As a kid in the 1970s, Bradford Watts would leave his father’s liquor store on Jefferson Avenue and look out from one of Buffalo’s highest points, onto the hustle and bustle of businesses below.
He described the scene Wednesday night during a public meeting on a proposed commercial development for his old neighborhood. Now a community relations coordinator for People Inc. — which is leading the development — Watts told the crowd about how the fruitful past of his home instills a hope for the future.

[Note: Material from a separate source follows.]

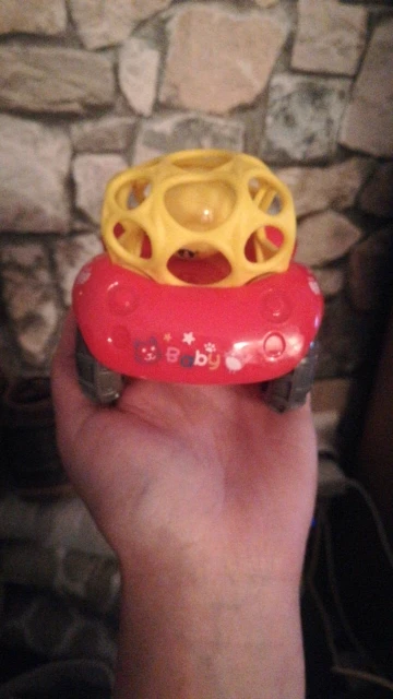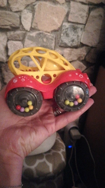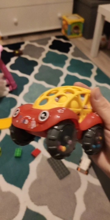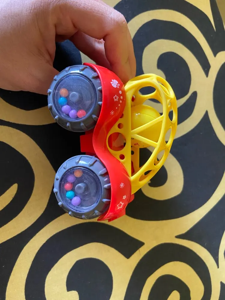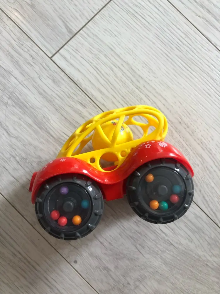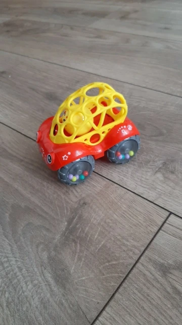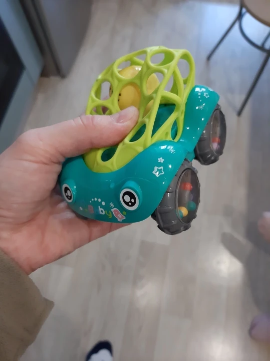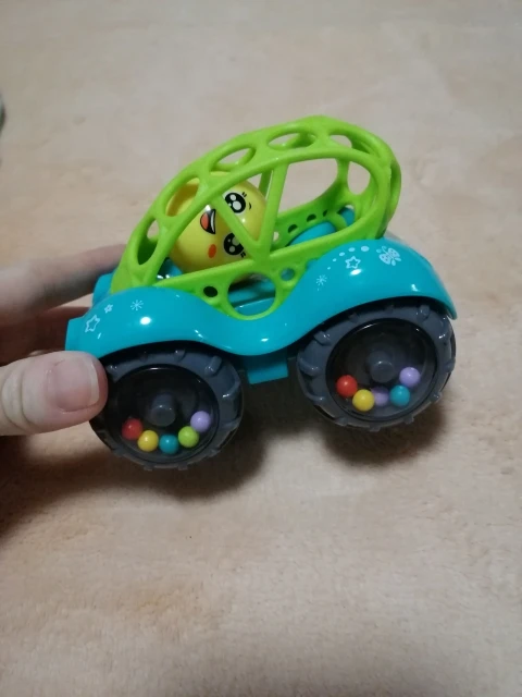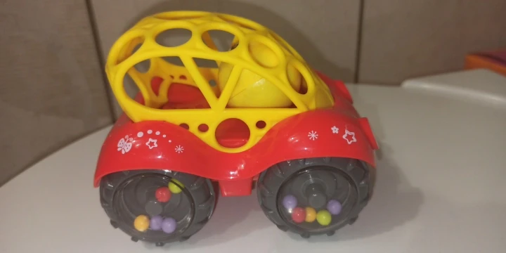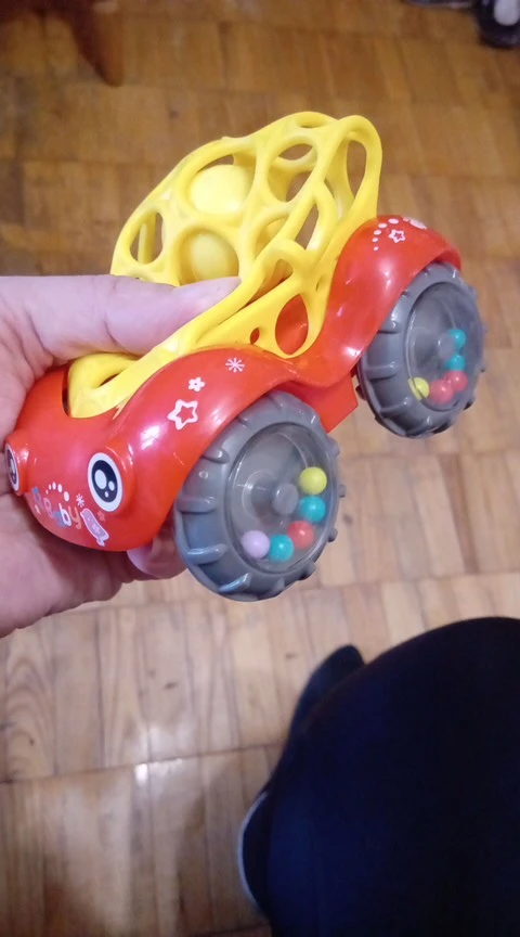 Mašīnīte izskatās tā lā uz фотографы. Mašīnas korpusa sarkanā daļa plastmasīga, dzeltenű gumijveida, kas ļauj mazulima to labi satvert A toēlēties. Mašīnas grabuļi ļoti skaļi dis Esmu apmierināta ar sūtījumu. Saņēmu arī salīdzinoši ātri.

“A city cannot hide its lights when it’s set upon a hill,” he said before more than 100 people in a conference room of the Johnnie B. Wiley Amateur Pavilion. “And we want to enlighten you here today in terms of what we hope will be part of the progress.”
Throughout the informal meeting, Watts and others from his team discussed plans for its mixed-income housing project in a two-block area of Jefferson Avenue from Dodge to Northampton streets.
In addition to People Inc., the development is backed by Sinatra & Co. Realty, CSS Construction, Bellamy Enterprises LLC and other East Side business leaders. The $20 million proposal would include 84 apartments spread across two three-story buildings, and would be aimed at tenants whose incomes range from 30 to 130 percent of the area median income.
There also would also be commercial spaces for retail tenants on each first floor, as well as an urgent-care center or other medical component.
“I think this is a significant project for the East Side of Buffalo,” Mayor Byron W. Brown told the gathering. “One of the things that excites me is that a lot of the work we do is to make sure projects are diverse ... and these developers are proposing a significant level of participation from minority businesses.”
In particular, he praised Herbert L. Bellamy Jr. of Bellamy Enterprises LLC, who was involved in the “prime development group.” Brown and other emphasized it is important to have diverse voices in a project designed to impact a diverse community.
Jefferson Avenue, as he pointed out, is a historically black neighborhood that has fallen on tough economic times in the recent past.
“I think this can be transformational,” he said about the development.
Jamye Smith, who grew up in the neighborhood, told the audience it’s not enough for the community to become like it once was.
“I always hear people saying, ‘I wish Jefferson was the way it used to be,’” she said. “I don’t want to see how it used to be – I want to see it better.”